I was reading a proof for a proposition about winding numbers under perturbation, and ultimately it came down to saying $$n(\beta,0)=n(\alpha,0)+n(\gamma,0)$$ where $\beta(t)=\alpha(t)\gamma(t)$, and $\alpha,\gamma,\beta: [a,b]\rightarrow \mathbb{C}$ are curves in the complex plane.
Its `proof' of this was that "the argument of a product is the sum of the arguments." Taking Ahlfors viewpoint that the winding number not be defined with regards to the argument, I wanted to prove this result more generally using the definition: $$n(\gamma,w)=\frac{1}{2\pi i}\int_\gamma{\frac{dz}{z-w}}$$ where $\gamma$ is a piecewise continuously-differentiable curve not containing $w$ in its image.
I first proved it for when $w=0$, which is quite easy. See the end for this proof.
- Does this result actually hold true in the general case where $w$ is arbitrary? That is:
For $\alpha,\beta$ piecewise continuously differentiable closed curves $\alpha,\beta:[a,b]\rightarrow \mathbb{C}$ and $w$ not in the images of either $\alpha,\beta$, we define $\gamma:[a,b]\rightarrow \mathbb{C}$ by $\gamma(t)=\alpha(t)\beta(t)$. Then $$n(\gamma,w)=n(\alpha,w)+n(\beta,w).$$
- Is there a way to reduce it to the case where $w=0$?
Proof for $w=0$: Given $\alpha, \beta:[a,b]\rightarrow \mathbb{C}$ with 0 not in their images and piecewise continuously-differentiable, I define a curve $\gamma$ defined by $\gamma(t)=\alpha(t)\beta(t)$ for $t\in [a,b]$. Now, since this is product of piecewise continuously-differentiable closed, $\gamma$ is also piecewise continuously-differentiable closed, with derivative $\alpha'\beta+\alpha\beta'$.

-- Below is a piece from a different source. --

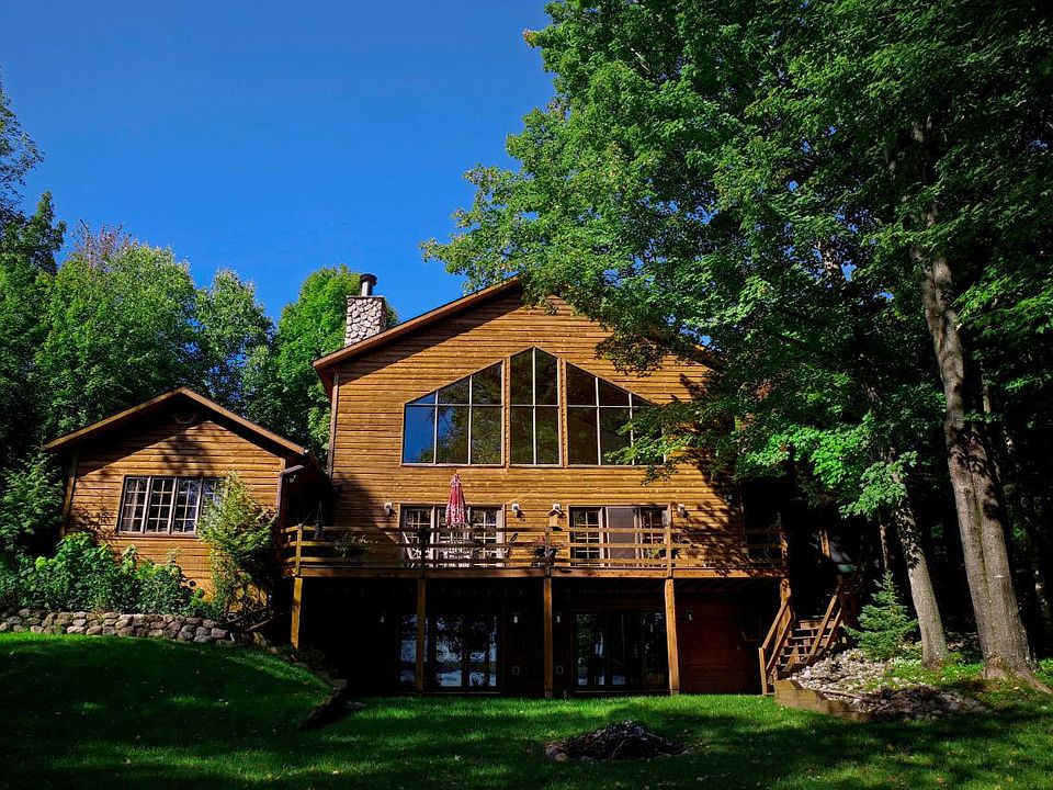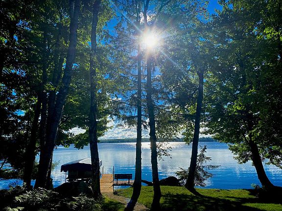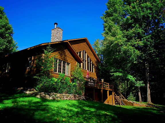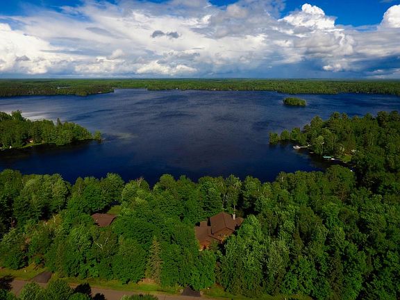 One-of-a-kind dream home, where the rustic attraction of the Northwoods and gorgeous lakefront living intersect elegance and sophistication. Hard wood floors, cedar cathedral ceilings and two stories of windows to savor breathtaking sunrises over Solberg Lake greet you as you step inside this home. Curl up near the stately stone fireplace that warms the great room on one side and main bedroom suite on the other. Peaceful moments await you in this grand home, with glimpses of deer strolling by and eagles soaring over white pines. In the evenings, you may even hear loons calling over the waters of Solberg Lake. If you are in need of re-creation, this is a setting like no other. Steps from fishing and boating, snowmobile and ATV trails, opportunities for making lifelong memories abound. Turn the key and love this home, nestled on two pristine lakefront lots with stunning views.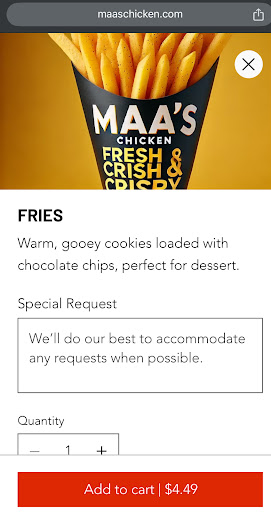 There are so many things wrong with this place and the red flags are all there. They were closed for months for health violations like poor lighting, flaking paint in cooking areas, inadequate water pressure, etc. But then their Instagram stated they were re-opening on a specific day. My coworkers and I were excited to try it out but when we went, it was still closed. Then it was nothing for months. No update on social media. No sign outside explaining anything. Just a dark store filled with random construction stuff. When they finally opened, the disappointment cannot be understated. The first red flag is all the AI-generated images for their menu and advertisements. Not only should that be concerning but it’s also misleading because the actual style of fried chicken is not like the images. The images make the chicken seem like southern style buttermilk flour crust fried chicken. Maa’s is more like burnt panko breaded chicken like an Italian chicken parm. The chicken fingers my coworkers got were super dry and salty. I went a few weeks later and it was a little better but not by much. The fries are clearly an afterthought. Probably a frozen bag they get from somewhere else then just re fry and douse in salt. By the time you start eating, the fries are completely limp. The sandwiches are a fraud too. Again, the menu images make it seem like you’ll get a big fat chicken thigh or pounded breast as the patty. Nope. Just two chicken fingers shoved into the sandwich. The bread was decent though.

Now, $n(\gamma,0)$ is defined since if there exists a $t\in [a,b]$ such that $\gamma(t)=0$, then $0=\alpha(t)\beta(t)$, and it follows that 0 is an element of the image of at least one of $\alpha,\beta$, contrary to assumption.
Next, we compute the following: $$\int_\gamma{\frac{dz}{z}}=\int_a^b{\frac{\gamma'}{\gamma}dt}=\int_a^b{\frac{\alpha'\beta+\alpha\beta'}{\alpha\beta}dt}=\int_a^b{\frac{\alpha'}{\alpha}dt}+\int_a^b{\frac{\beta'}{\beta}dt}$$ from which it follows that $$n(\gamma,0)=n(\alpha,0)+n(\beta,0)$$ by dividing by $2\pi i$.
Now, my hope was to reduce the general case when $w$ is arbitrary to the above case when $w=0$. The 'obvious' approach is to translate everything by $-w$, moving $w$ to the origin and $\alpha(t),\beta(t)$ to $\alpha(t)-w,\beta(t)-w$. However, this clearly does not preserve products, since then $(\alpha-w)(\beta-w)=\alpha\beta-w(\alpha+\beta)+w^2$, which is clearly not $\alpha\beta-w$. Moreover, $(\alpha-w)(\beta-w)$ has derivative equal to $\alpha'\beta+\alpha\beta'-w(\alpha'+\beta')$, and at least it doesn't seem to me that it is true that $$\int_a^b{\frac{\alpha'\beta+\alpha\beta'-w(\alpha'+beta')}{\alpha\beta-w(\alpha+\beta)+w^2}dt}=\int_a^b{\frac{\alpha'\beta +\alpha\beta'}{\alpha\beta-w}dt}$$
No. The fact that we use multiplication makes $0$ a special element of the space. For a counterexample, take $\alpha(t)=2e^{it}$, $\beta(t)=3e^{it}$ and $w=5$. Then $\gamma(t) = 6e^{2it}$, hence $n(\gamma, w)=2$. But $n(\alpha,w)=n(\beta,w)=0$.